## WORK ORDER:
Return the lines below in which the string "your" occurs.

## RECORDED INFORMATION:
**********
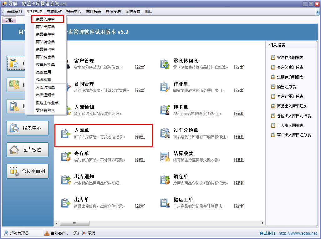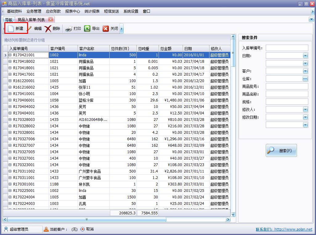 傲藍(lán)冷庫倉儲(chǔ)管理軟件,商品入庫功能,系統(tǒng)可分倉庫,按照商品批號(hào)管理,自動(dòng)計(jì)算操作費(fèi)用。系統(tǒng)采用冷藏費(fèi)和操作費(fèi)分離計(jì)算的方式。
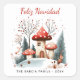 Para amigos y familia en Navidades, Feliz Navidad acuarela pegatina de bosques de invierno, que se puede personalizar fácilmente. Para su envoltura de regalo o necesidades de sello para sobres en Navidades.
**********
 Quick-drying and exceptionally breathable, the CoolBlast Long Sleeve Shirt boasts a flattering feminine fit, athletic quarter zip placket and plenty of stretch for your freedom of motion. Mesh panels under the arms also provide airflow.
**********
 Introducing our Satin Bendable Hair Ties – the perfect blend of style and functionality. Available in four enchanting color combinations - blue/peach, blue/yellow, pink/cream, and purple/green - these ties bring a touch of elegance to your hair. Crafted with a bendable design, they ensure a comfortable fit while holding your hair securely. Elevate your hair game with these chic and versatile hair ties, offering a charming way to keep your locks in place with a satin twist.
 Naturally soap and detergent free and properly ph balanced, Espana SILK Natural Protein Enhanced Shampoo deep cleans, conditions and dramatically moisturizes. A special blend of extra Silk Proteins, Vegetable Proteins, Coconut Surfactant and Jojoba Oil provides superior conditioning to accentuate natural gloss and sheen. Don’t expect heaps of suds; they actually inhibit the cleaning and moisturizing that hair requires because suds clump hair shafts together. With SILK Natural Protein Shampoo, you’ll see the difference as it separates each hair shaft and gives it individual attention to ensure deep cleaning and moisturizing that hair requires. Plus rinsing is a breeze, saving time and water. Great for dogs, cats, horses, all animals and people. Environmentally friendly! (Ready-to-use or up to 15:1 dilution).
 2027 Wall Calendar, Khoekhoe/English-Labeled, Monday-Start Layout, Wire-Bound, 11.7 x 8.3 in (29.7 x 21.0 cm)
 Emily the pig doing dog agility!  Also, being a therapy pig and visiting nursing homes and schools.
**********
## EXERCISE RESULT:
 Quick-drying and exceptionally breathable, the CoolBlast Long Sleeve Shirt boasts a flattering feminine fit, athletic quarter zip placket and plenty of stretch for your freedom of motion. Mesh panels under the arms also provide airflow.
 Introducing our Satin Bendable Hair Ties – the perfect blend of style and functionality. Available in four enchanting color combinations - blue/peach, blue/yellow, pink/cream, and purple/green - these ties bring a touch of elegance to your hair. Crafted with a bendable design, they ensure a comfortable fit while holding your hair securely. Elevate your hair game with these chic and versatile hair ties, offering a charming way to keep your locks in place with a satin twist.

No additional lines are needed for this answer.